What's happened to our relationship?
Visitor's Question from a 16-20 year old Female
First off, I must tell you that my boyfriend and I have been dating for 9 months. Things were great during the school year, but then problems started to erupt when school was out and we weren't seeing each other as much. We started arguing about stupid stuff, but then everything would go back to normal and we would be completely in love. Then we kept arguing and process just repeated itself. The real problem started when I told him that I was going away to camp for 5 days, nothing major compared to the two weeks he was going to be away the following two weeks. He kept saying that I was going to cheat on him and forget all about him. He has never had a reason to think anything like that because I have been nothing but loyal. He kept going on that I could do so much better than him and I would just hook up with some guy at camp. While I was at camp he texted me non stop, saying how much he missed me and how miserable he was and how he felt like killing himself. He said he was having dreams about me kissing guys around the campfire then sneaking into a cabin. Then, I come back from camp and we talked about my camp and everything. But the next day he left for his band camp and would only be able to talk on the weekends for the next two weeks. I didn't say anything because I figured he would text me just like he did while I was at camp. But the thing is, he didn't. He barely texted me at all. Just a couple in the morning and a couple at night. He didn't even seem like he missed me. Then on the weekend we talked and he didn't even seem like he wanted to. More or less he just gave me two or three word answers. He didn't even want to talk that long. I don't get it. Please tell me what is going on and how I can save our relationship and get back to where it was before summer.
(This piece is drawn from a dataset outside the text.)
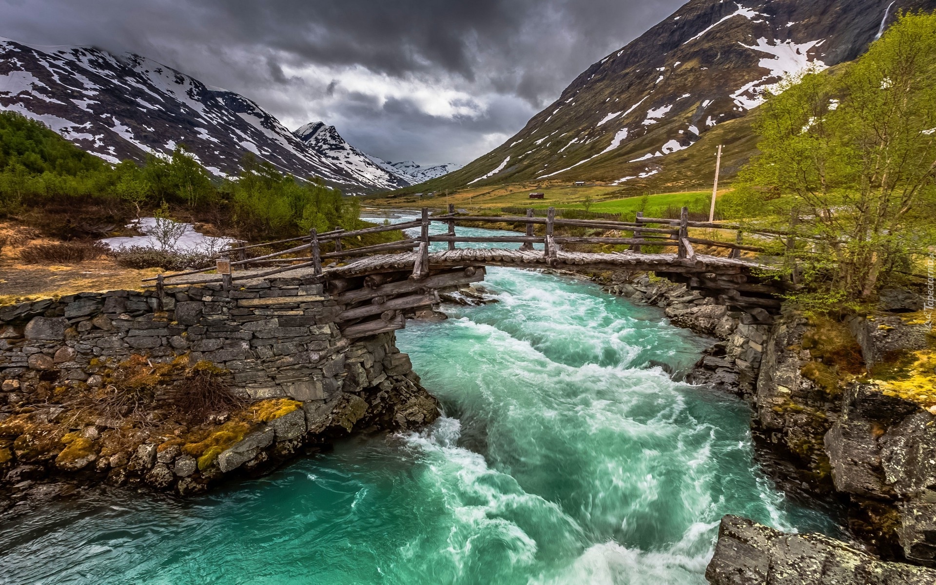 Edytor tapety: Drewniany mostek nad rwącą rzeką w ośnieżonych górach

Unfortunately your boyfriend is insecure and immature.
You need to discuss this in a gentle, friendly, loving manner and let him know that he needs to trust you and also communicate with you.
The fact that you argue over little things could mean that you aren't having close conversations often enough. Practice this with him even if it is hard to get him to join in. Show him affection (besides physical) and draw him out on his two week camp.
A good relationship can be build by frequent sharing of love, conversation, and trust.